Your local backup could be an external SSD or a NAS on your home network. Your offsite copy could be a cloud destination through Duplicati or a separate cloud backup service. This combination satisfies the 3-2-1 rule where your PC holds the primary copy, the external drive holds a local backup, and the cloud holds an offsite backup.
When talking about backups, smartphones are easy to overlook, but the photos and messages on your phone are often the hardest things to replace. Most people rely on Google Photos or iCloud, and that's a decent start for the offsite copy. But for a proper local backup, consider using a tool like Syncthing to sync your phone's data directly to your PC over your home network. Once those files land on your computer, they get picked up by your existing backup system and protected alongside everything else. That way, your phone data isn't living in the cloud alone.

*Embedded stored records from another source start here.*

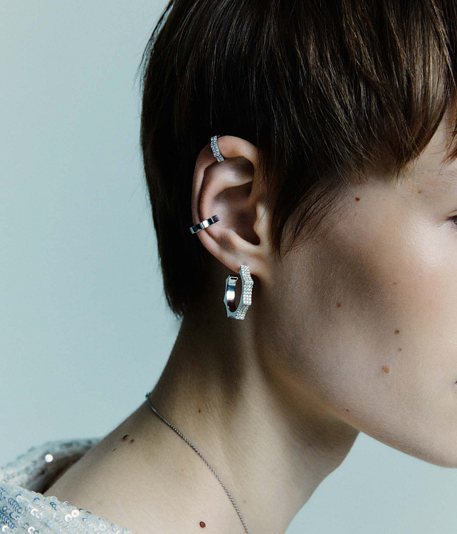 Серьги Parthenon, белое золото 18 карат, бриллианты, 4 мм, размер Medium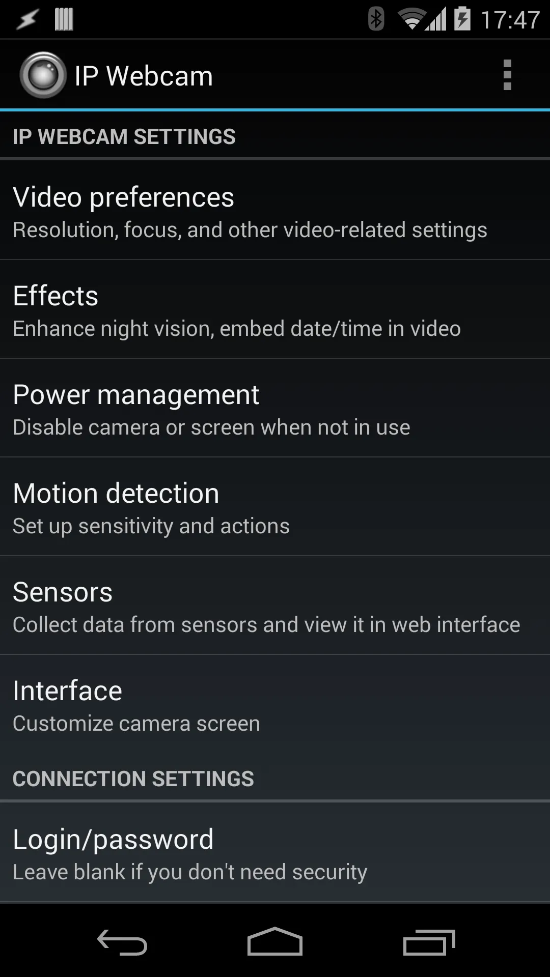 IP Webcam turns your phone into a network camera with multiple viewing options. View your camera on any platform with VLC player or web browser. Stream video inside WiFi network without internet access. Optional Ivideon cloud broadcasting is supported for instant global access. Two-way audio supported in tinyCam Monitor on another android device. Use IP Webcam with third-party MJPG software, including video surveillance software, security monitors and most audio players. ...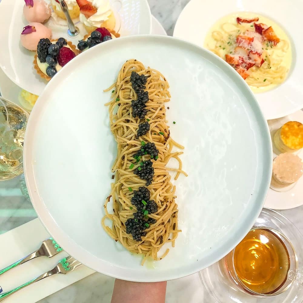 The Chilled Caviar Angel Hair ($40) is pricy but undeniably tasty, tossed in a zippy shio kombu dressing and sprinkled with black gold.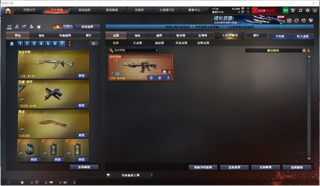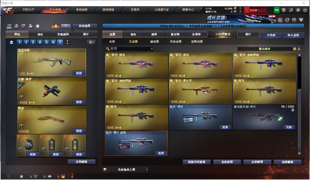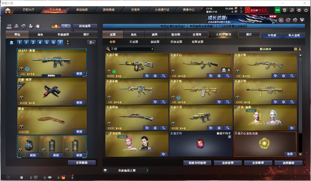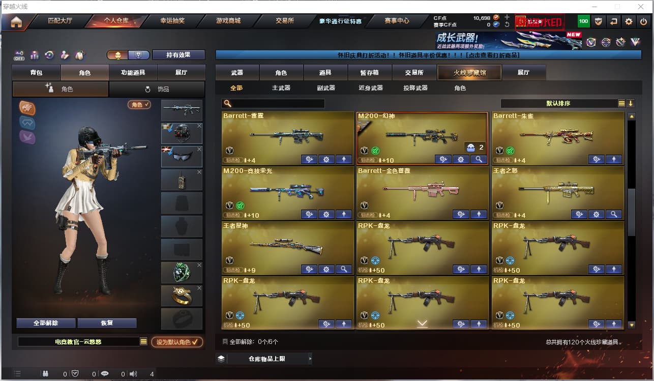 2296127-双传说 m200幻神 6盘6烈 蝴蝶 星神 白虎换色 雷霆套)cf西部/四川1区/120v/传说梦魇/传说暗裔/m200幻神 黄忠皮/雷霆套/m200竞技荣光套/6盘 6烈 蝴蝶/usp雷暴/王者星神/白虎 大汉风骨皮/青龙/白虎之魄/裁决/极光/天龙/毁灭/q金色蔷薇/王者之影/王者之势/王者之心/王者冰魄/m4神工天巧/云悠悠 王者魅影 王者涂鸦全部四防/可排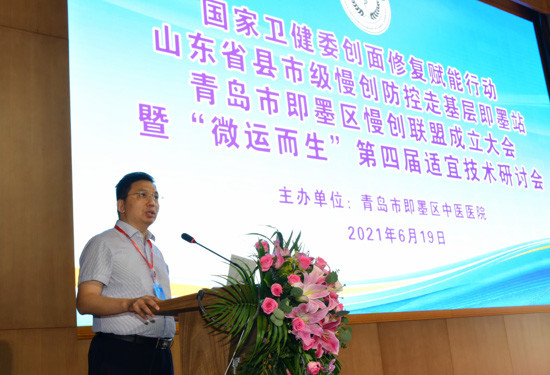 即墨区中医医院党委书记、院长赵成欣在青岛市即墨区慢创联盟成立大会暨“微运而生”第四届适宜技术研讨会上致辞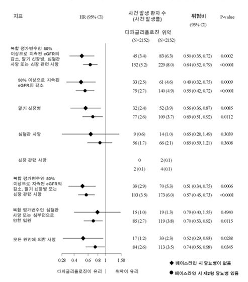 이 약의 치료 효과는 제2형 당뇨병이 있는 만성 신장병 환자 및 당뇨병이 없는 만성 신장병 환자에서 일관되었다(그림 8).

Restoring is as important as backing up
Your backups are only as good as your last successful restore. It's tempting to set up a backup system and forget about it, but backup files can get corrupted, drives can fail silently, and scheduled jobs can stop running without warning. Every few months, pick a random file or folder from your backup and try to restore it. Open the files, make sure they're intact, and confirm your backup tool can find and retrieve them without errors.
Follow the 3-2-1 rule, automate your backups, but also verify that the safety net you've built can hold weight when you need it. A backup you've never tested is a false safety net that you should never rely on.